Running the ArchiveTeam Warrior under Podman
By Kunal MehtaI'm finally back on an unlimited internet connection, so I've started running the ArchiveTeam Warrior once again.
The Warrior is a software application for archiving websites in a crowdsourced manner, especially when there's a time crunch when a website announces that it's closing or planning to delete things. Currently the default project is to archive public Telegram channels.
Historically the Warrior was distributed as a VirtualBox appliance, which was a bit annoying to run headlessly and was unnecessarily resource intensive because it required full virtualization. But they now have a containerized version that is pretty trivial to set up.
Relatedly, I've recently been playing with Podman's "Quadlet" functionality, which I really, really like. Instead of needing to create a systemd service to wrap running a container, you can specify what you want to run in a basically systemd-native way:
[Unit]
Description=warrior
[Container]
Image=atdr.meo.ws/archiveteam/warrior-dockerfile
PublishPort=8001:8001
Environment=DOWNLOADER=<your name>
Environment=SELECTED_PROJECT=auto
Environment=CONCURRENT_ITEMS=4
AutoUpdate=registry
[Service]
Restart=on-failure
RestartSec=30
# Extend Timeout to allow time to pull the image
TimeoutStartSec=180
[Install]
# Start by default on boot
WantedBy=multi-user.target default.target
I substituted in my username and dropped this into ~/.config/containers/systemd/warrior.container
, ran
systemctl --user daemon-reload
and systemctl --user start warrior
and
it immediately started archiving!
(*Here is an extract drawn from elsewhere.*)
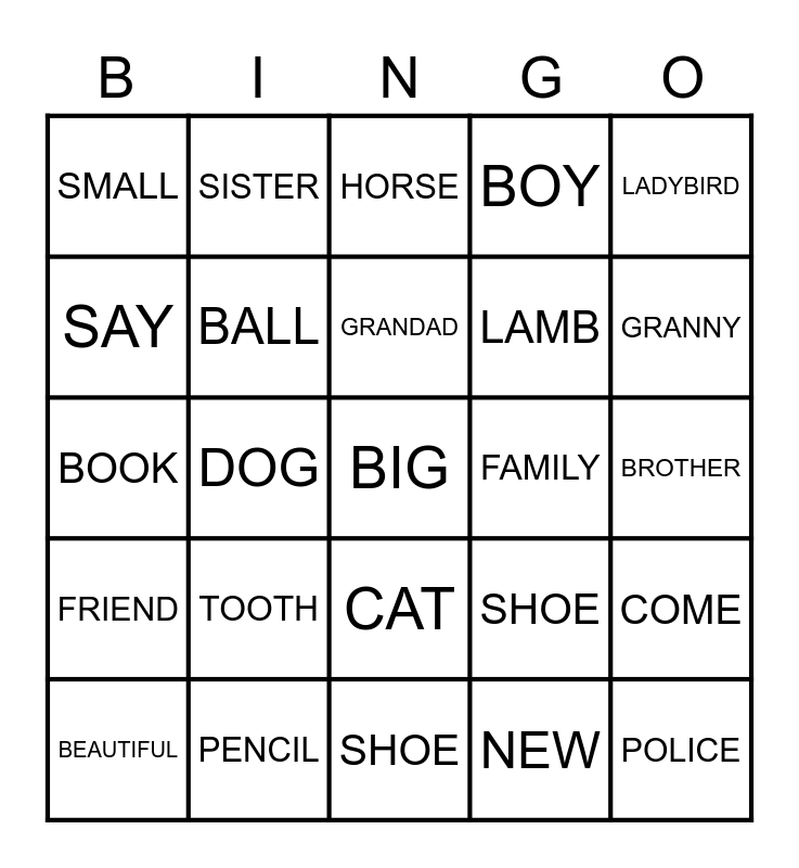 This bingo card has a free space and 24 words: TOOTH, PENCIL, GRANDAD, BEAUTIFUL, LADYBIRD, SMALL, SAY, SISTER, FAMILY, CAT, LAMB, BOOK, SHOE, COME, BALL, NEW, BROTHER, HORSE, GRANNY, DOG, POLICE, FRIEND, BOY and SHOE.

Visiting localhost:8001
should bring
up the web interface.
You can then run systemctl --user cat warrior
to see what the generated
.service
file looks like.
The AutoUpdate=registry
line tells podman-auto-update
to automatically fetch
image updates and restart the running container. You'll likely need to enable/start the timer for this, with systemctl --user enable podman-auto-update.timer
.
The one thing I haven't figured out yet is gracefully shutting down, which is
important to avoid losing unfinished data. I suspect the Restart=always
is harmful here,
since I do want to explicitly shutdown in some cases.
P.S. I also have a infrequently updated Free bandwidth wiki page that contains other suggestions for how to use your internet connection for good.
Update (2024-07-14): I changed the restart options to Restart=on-failure
and RestartSec=30
, which fixes the issue with restarting immediately
after a graceful shutdown and correctly restarting if it starts up before networking is ready.